Data excerpts
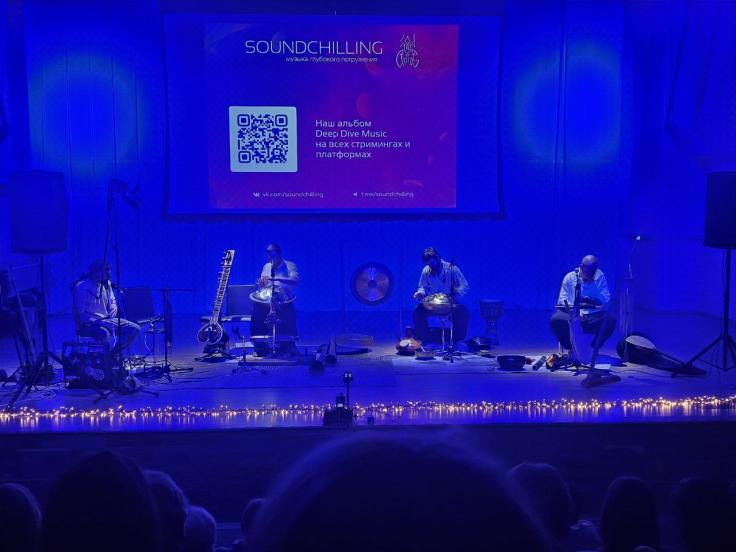 SoundChilling - это гармоничное сочетание музыкального концерта, сеанса расслабления, звуковой релаксации и медитации. Музыканты погружают слушателей в особую атмосферу звучания удивительных музыкальных инструментов со всего мира. Это — не обычный концерт, а сеанс, во время которого рекомендуется лежать или сидеть в полном расслаблении.
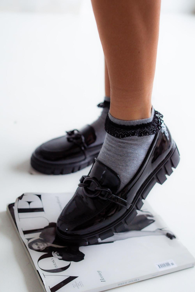 0897 Milena Damensocken mit Spitze – helle Melange 1 – schwarze Spitze
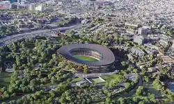 On 25 March 2025, Premier Crisafulli announced that as a result of the review, a new 63,000-seat stadium would be constructed at Victoria Park to host the ceremonies and athletics. After the conclusion of the Games, the Gabba will be demolished and its site will be redeveloped as a residential neighbourhood; the Olympic stadium will succeed it as Brisbane's main football and cricket stadium.[44][45] According to the review, the stadium will cost an estimated $3.785 billion, although this figure is yet to be publicly confirmed.[46][47] Designer Michael Rayner stated that the chosen outcome was similar to a proposal that he mentioned during a lecture in 2019. Rayner noted that a cluster of major venues, which would be "as great a hallmark of Brisbane as Melbourne Park is to Melbourne." Rayner in his proposal thought that the land required for the stadium, Brisbane Live and the pool in the park would less than a third of Victoria Park, leaving some 30 hectares or so for the public, about twice the area of Sydney’s Hyde Park. But since Brisbane Live will be constructed somewhere else Rayner thought that the stadium and pool would only take up around 20% of the 64-hectare park.[48][49] The 100-day review noted that 68% (47.02 hectares) of the total area of the park would be retained as green space, with the stadium itself taking up less than 10% of the area.[3]
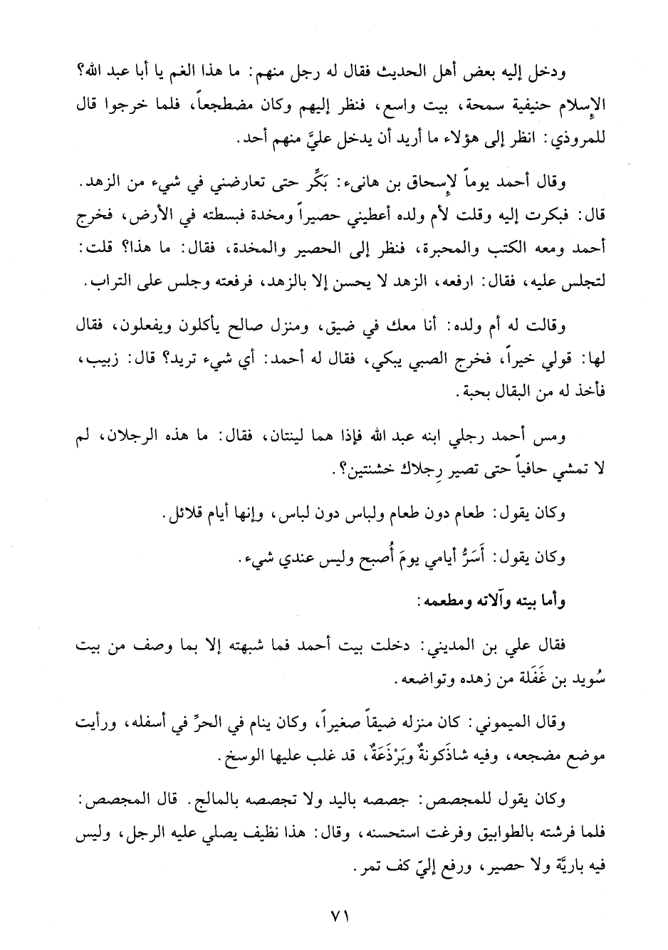 وقال أحمد يومًا لإِسحاق بن هانئ: بَكِّر حتى تعارضني في شيء من الزهد. قال: فبكرت إليه وقلت لأم ولده أعطيني حصيرًا ومخدة فبسطته في الأرض، فخرج أحمد ومعه الكتب والمحبرة، فنظر إلى الحصير والمخدة، فقال: ما هذا؟ قلت: لتجلس عليه، فقال: ارفعه، الزهد لا يحسن إلا بالزهد، فرفعته وجلس على التراب.
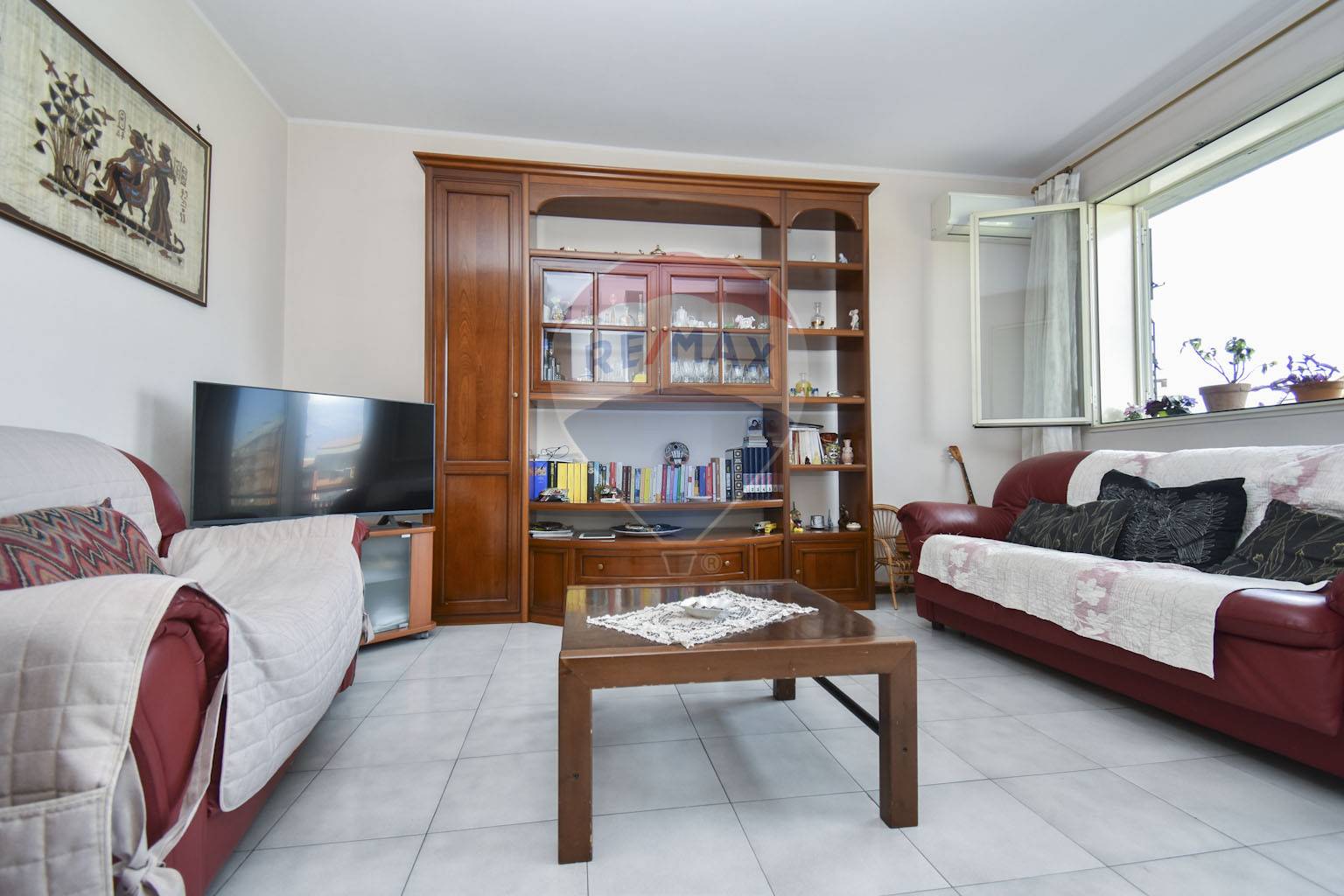 Primo piano senza ascensore. Ingresso su ampia zona living con finestra e porta che si affacciano sul balcone vista Etna. Attraverso un piccolo disimpegno troviamo la cucina con affaccio su comodo balcone laterale. A seguire bagno, lavanderia, camera matrimoniale e cameretta. Le stanze hanno tutte un’apertura all’esterno permettendo alla luce naturale di illuminare gli ambienti. L’appartamento è dotato di impianto di riscaldamento e un climatizzatore, infissi e veneziane in alluminio. Completa la vendita un posto auto di proprietà all’interno del cortile comune.
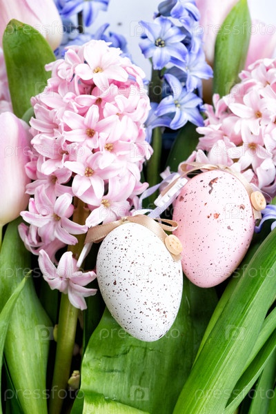 Пасхальная сцена со свежими цветами гиацинта и пасхальными яйцами
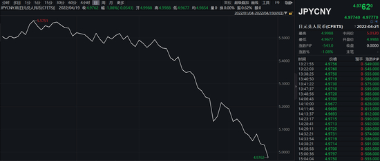 日元兑人民币汇率也持续下跌,日元兑人民币周二跌破0.05元关口。如果从年初开始计算,日元汇率相对人民币贬值幅度超10%。如果跟2019年最高点比,日元兑人民币已经贬值了27%。
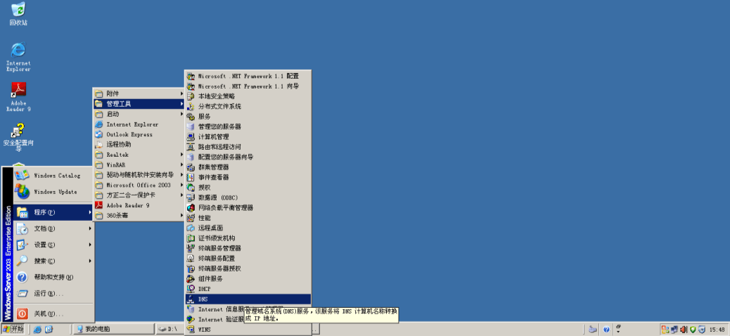 ,驗證:安裝完畢后在管理工具中多了一個 “D N S ”控制臺。在“開始→程序→管理工具”中可以看到并使用相關服務。
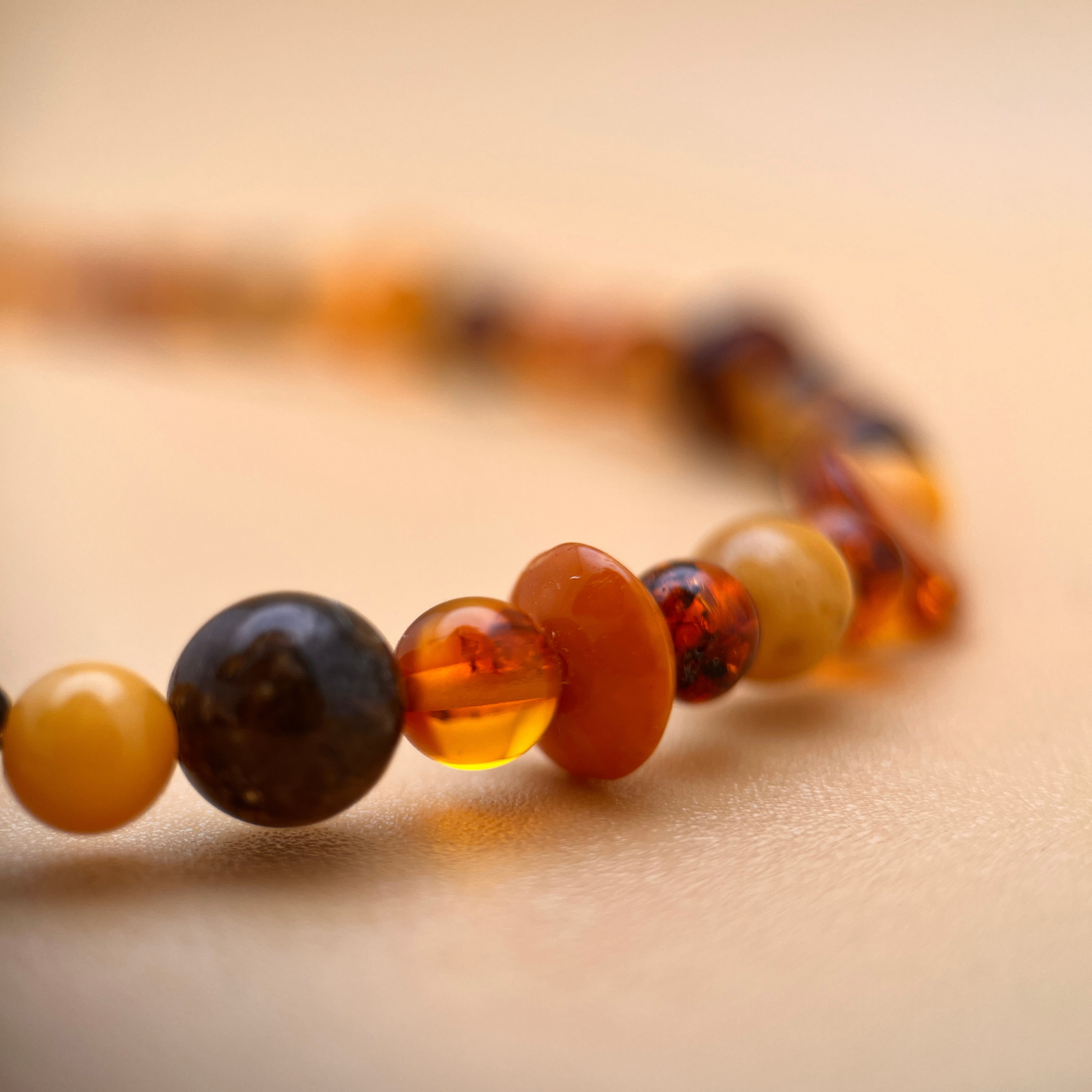 Part of our 45th Anniversary Signature collection, this necklace is a celebration of amber’s timeless beauty and natural variety – a tribute to four decades of craftsmanship. Each piece is made with carefully selected amber beads in various shapes and warm tones, ranging from light golden to deep cognac. All beads are 100% genuine Baltic amber.

§ **Assignment**
Repeat the records above exactly, without pictures.

§ **Answer to this problem**
 SoundChilling - это гармоничное сочетание музыкального концерта, сеанса расслабления, звуковой релаксации и медитации. Музыканты погружают слушателей в особую атмосферу звучания удивительных музыкальных инструментов со всего мира. Это — не обычный концерт, а сеанс, во время которого рекомендуется лежать или сидеть в полном расслаблении.
 0897 Milena Damensocken mit Spitze – helle Melange 1 – schwarze Spitze
 On 25 March 2025, Premier Crisafulli announced that as a result of the review, a new 63,000-seat stadium would be constructed at Victoria Park to host the ceremonies and athletics. After the conclusion of the Games, the Gabba will be demolished and its site will be redeveloped as a residential neighbourhood; the Olympic stadium will succeed it as Brisbane's main football and cricket stadium.[44][45] According to the review, the stadium will cost an estimated $3.785 billion, although this figure is yet to be publicly confirmed.[46][47] Designer Michael Rayner stated that the chosen outcome was similar to a proposal that he mentioned during a lecture in 2019. Rayner noted that a cluster of major venues, which would be "as great a hallmark of Brisbane as Melbourne Park is to Melbourne." Rayner in his proposal thought that the land required for the stadium, Brisbane Live and the pool in the park would less than a third of Victoria Park, leaving some 30 hectares or so for the public, about twice the area of Sydney’s Hyde Park. But since Brisbane Live will be constructed somewhere else Rayner thought that the stadium and pool would only take up around 20% of the 64-hectare park.[48][49] The 100-day review noted that 68% (47.02 hectares) of the total area of the park would be retained as green space, with the stadium itself taking up less than 10% of the area.[3]
 وقال أحمد يومًا لإِسحاق بن هانئ: بَكِّر حتى تعارضني في شيء من الزهد. قال: فبكرت إليه وقلت لأم ولده أعطيني حصيرًا ومخدة فبسطته في الأرض، فخرج أحمد ومعه الكتب والمحبرة، فنظر إلى الحصير والمخدة، فقال: ما هذا؟ قلت: لتجلس عليه، فقال: ارفعه، الزهد لا يحسن إلا بالزهد، فرفعته وجلس على التراب.
 Primo piano senza ascensore. Ingresso su ampia zona living con finestra e porta che si affacciano sul balcone vista Etna. Attraverso un piccolo disimpegno troviamo la cucina con affaccio su comodo balcone laterale. A seguire bagno, lavanderia, camera matrimoniale e cameretta. Le stanze hanno tutte un’apertura all’esterno permettendo alla luce naturale di illuminare gli ambienti. L’appartamento è dotato di impianto di riscaldamento e un climatizzatore, infissi e veneziane in alluminio. Completa la vendita un posto auto di proprietà all’interno del cortile comune.
 Пасхальная сцена со свежими цветами гиацинта и пасхальными яйцами
 日元兑人民币汇率也持续下跌,日元兑人民币周二跌破0.05元关口。如果从年初开始计算,日元汇率相对人民币贬值幅度超10%。如果跟2019年最高点比,日元兑人民币已经贬值了27%。
 ,驗證:安裝完畢后在管理工具中多了一個 “D N S ”控制臺。在“開始→程序→管理工具”中可以看到并使用相關服務。
 Part of our 45th Anniversary Signature collection, this necklace is a celebration of amber’s timeless beauty and natural variety – a tribute to four decades of craftsmanship. Each piece is made with carefully selected amber beads in various shapes and warm tones, ranging from light golden to deep cognac. All beads are 100% genuine Baltic amber.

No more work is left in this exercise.